The greatest feature of Apache Spark is that once it works with a small chunk of data, it can work with any (really any!) size of data, as long as it can split the data into those small chunks. Then, each chunk can be processed in parallel. By adding processing power (Spark executors) you can scale up your input data without sacrificing on wall clock processing time. In other words, you are able to scale with your growing data. But are there limits to scaling?

Splitting input data into small chunks is paramount when entering Big Data land. The Parquet file format is known to be splittable[1],[2] However, it is crucial to understand that Parquet files are not arbitrarily splittable. While the file format supports splitting, individual files might not be splittable at all. With such files, you will be asked to leave Big Data land again.

We will see a new way to easily inspect Parquet files with Spark to understand their internal structure. Then, we will learn how Spark attempts to split those files and identify the upper limit of read scalability.

The Parquet file structure

The Parquet file format stores tabular data, i.e. values organized in columns and rows.

Such a table is split by Parquet into blocks of consecutive rows (called row groups), while each block stores the values column by column (called column chunks). Each column chunk is further split into column pages.

Here is an example table[3]:

Column chunks are the main content of a Parquet file. They are written to the file in the following sequence:

The location (starting position within the file) of row groups and column chunks can be determined from the file footer, a section at the end of the file that contains metadata about the file structure. By reading the footer, the reader can jump directly to the position in the file where row groups and column chunks start. This allows for parallel reading without the need to read unrelated rows or columns.

The Parquet specification states that a column page is the smallest part of a Parquet file that is not splittable. In order to read a value at the end of a column page, the entire page up to that value has to be read. However, a Parquet file is best split on row group boundaries, as this involves the fewest file seek operations with the highest “relevant bytes” to “read bytes” ratio.

Inspecting Parquet files with Spark

There exist tools like Parquet CLI (Java, Python) or its predecessor Parquet Tools (Java, Python), that allow to inspect the inner structure of Parquet files.

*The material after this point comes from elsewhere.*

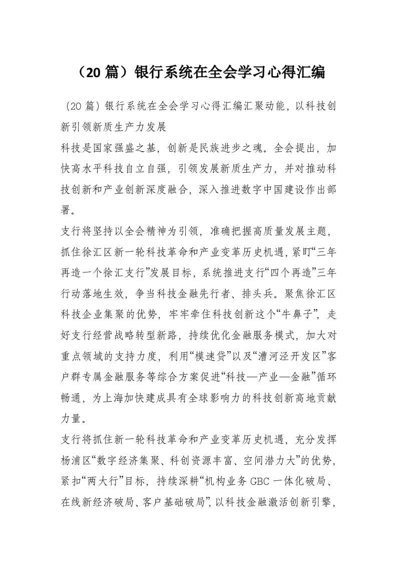 (20篇)银行系统在***学习心得汇编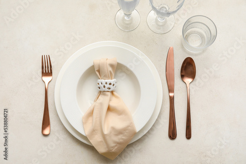 Simple table setting with cutlery, glasses and napkin in plate on light background

The Spark Extension package (starting with release v2.6.0) reads those Parquet metadata into a Spark Dataframe in a scalable way:

import uk.co.gresearch.spark.parquet._

spark.read.parquetMetadata("/path/to/parquet").show()
import gresearch.spark.parquet

spark.read.parquet_metadata("/path/to/parquet").show()
+-------------+------+-------------+---------------+----+------------------+------------------+
|     filename|blocks|compr…edBytes|uncompr…edBytes|rows|         createdBy|            schema|
+-------------+------+-------------+---------------+----+------------------+------------------+
|file1.parquet|     1|         1268|           1652| 100|parquet-mr versio…|message spark_sch…|
|file2.parquet|     2|         2539|           3302| 200|parquet-mr versio…|message spark_sch…|
+-------------+------+-------------+---------------+----+------------------+------------------+

Parquet metadata can be read on file level, row group level, column chunk level and Spark Parquet partition level.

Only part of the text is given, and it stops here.